Abstract:
Borazine derivatives used as low-loss binders and precursors for making ceramic boron nitride structures. The derivative forms the same composition as the boron nitride starting material, thereby filling the voids with the same boron nitride material upon forming and hot pressing. The derivatives have a further advantage of being low in carbon thus resulting in less volatile byproduct that can result in bubble formation during pressing.

Description:
This invention relates to the use of a polymeric binder used in the formation of boron nitride ceramics, particularly the use of a boron and nitrogen containing polymer that when pyrolyzed will produce boron nitride and when mixed with boron nitride and shaped into a desired configuration will result in a pure, dense boron nitride structure upon heating. The invention was developed pursuant to a contract with the United States Department of Energy. 
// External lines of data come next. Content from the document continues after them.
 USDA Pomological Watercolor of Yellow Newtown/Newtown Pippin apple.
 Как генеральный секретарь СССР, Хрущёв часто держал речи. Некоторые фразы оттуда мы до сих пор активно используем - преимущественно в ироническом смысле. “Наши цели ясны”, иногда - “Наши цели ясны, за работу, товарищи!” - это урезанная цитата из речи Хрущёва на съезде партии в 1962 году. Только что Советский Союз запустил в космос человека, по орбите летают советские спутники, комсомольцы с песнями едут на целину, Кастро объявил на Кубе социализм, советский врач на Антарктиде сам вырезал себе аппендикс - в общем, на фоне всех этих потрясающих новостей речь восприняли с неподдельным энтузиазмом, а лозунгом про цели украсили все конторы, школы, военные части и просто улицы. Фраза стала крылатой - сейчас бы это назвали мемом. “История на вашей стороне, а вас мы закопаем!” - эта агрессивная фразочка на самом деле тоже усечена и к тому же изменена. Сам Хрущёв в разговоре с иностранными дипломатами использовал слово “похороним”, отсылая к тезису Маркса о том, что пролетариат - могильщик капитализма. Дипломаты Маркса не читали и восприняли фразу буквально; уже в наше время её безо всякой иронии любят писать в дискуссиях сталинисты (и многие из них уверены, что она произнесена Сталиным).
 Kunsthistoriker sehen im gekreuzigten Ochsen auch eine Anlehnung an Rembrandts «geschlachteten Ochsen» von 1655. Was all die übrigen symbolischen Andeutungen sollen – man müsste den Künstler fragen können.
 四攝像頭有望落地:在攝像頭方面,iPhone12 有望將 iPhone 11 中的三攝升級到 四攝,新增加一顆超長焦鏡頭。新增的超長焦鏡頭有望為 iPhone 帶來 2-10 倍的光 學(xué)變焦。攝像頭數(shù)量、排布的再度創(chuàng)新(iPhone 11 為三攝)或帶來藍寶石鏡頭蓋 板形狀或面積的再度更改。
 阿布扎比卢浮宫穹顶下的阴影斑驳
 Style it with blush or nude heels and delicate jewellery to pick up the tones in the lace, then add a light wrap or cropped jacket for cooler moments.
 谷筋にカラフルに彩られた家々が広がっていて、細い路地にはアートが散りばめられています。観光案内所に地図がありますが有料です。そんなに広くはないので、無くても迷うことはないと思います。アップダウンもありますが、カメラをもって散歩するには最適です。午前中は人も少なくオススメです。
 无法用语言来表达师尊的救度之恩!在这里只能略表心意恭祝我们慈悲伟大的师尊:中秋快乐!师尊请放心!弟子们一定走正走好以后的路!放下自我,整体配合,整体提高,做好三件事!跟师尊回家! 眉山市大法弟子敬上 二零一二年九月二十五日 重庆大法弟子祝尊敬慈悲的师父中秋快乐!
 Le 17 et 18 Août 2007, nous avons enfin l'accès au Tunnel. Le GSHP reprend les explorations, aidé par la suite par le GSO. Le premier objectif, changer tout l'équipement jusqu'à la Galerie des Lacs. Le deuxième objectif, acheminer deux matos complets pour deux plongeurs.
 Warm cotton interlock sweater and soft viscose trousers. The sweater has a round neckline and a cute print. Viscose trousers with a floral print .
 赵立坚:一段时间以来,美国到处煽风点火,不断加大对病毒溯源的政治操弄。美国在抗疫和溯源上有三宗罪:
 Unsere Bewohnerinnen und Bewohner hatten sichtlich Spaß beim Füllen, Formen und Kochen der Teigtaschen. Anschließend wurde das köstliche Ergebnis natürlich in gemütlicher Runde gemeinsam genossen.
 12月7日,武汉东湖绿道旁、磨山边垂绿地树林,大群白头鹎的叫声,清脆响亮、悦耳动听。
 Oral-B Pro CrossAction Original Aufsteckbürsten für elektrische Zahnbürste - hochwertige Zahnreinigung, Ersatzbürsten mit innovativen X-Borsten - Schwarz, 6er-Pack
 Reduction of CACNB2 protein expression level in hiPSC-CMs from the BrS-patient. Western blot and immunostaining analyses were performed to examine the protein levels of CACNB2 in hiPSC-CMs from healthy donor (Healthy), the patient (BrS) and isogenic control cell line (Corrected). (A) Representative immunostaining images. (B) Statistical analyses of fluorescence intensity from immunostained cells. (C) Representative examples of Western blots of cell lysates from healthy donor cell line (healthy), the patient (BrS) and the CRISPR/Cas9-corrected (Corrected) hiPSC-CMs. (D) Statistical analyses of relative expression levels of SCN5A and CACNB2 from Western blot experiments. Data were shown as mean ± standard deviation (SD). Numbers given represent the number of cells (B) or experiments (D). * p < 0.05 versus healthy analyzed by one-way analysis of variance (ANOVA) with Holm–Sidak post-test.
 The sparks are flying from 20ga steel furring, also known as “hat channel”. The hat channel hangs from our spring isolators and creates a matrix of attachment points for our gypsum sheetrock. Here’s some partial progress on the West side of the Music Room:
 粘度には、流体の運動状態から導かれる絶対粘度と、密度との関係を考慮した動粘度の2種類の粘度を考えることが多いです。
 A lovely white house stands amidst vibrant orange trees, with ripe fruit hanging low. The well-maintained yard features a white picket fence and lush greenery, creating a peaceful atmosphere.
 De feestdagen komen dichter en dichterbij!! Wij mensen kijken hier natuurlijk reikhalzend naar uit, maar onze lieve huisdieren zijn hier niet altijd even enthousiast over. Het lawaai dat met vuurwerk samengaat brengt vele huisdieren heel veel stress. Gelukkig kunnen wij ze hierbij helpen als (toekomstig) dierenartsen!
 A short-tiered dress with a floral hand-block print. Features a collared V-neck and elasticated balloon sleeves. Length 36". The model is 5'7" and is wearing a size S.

     BACKGROUND OF THE INVENTION 
     Advanced ceramic materials such as carbides, nitrides, borides and silicides have very high melting points and are relatively chemically inert. These characteristics impose difficulties in the formation of compact final shapes and their preparation requires high temperatures and pressures. Use of sintering aids, typically oxides, is limited since these usually contaminate the final product and degrade the mechanical and chemical characteristics of the final form. 
     The use of polymeric compounds as precursors for formation of ceramics is a generalized procedure that has the potential of affording control over the composition and morphology of a variety of advanced ceramic materials. Previously silicon carbide fibers have been made by heat treatment of a polycarbosilane polymeric precursor. Also, boron nitride has been made using polymeric materials containing boron and nitrogen such as aminoboranes and borazines. However, there is a continuing need to find new polymers to use not only as precursors but also as low-loss binders for binding powder starting material. 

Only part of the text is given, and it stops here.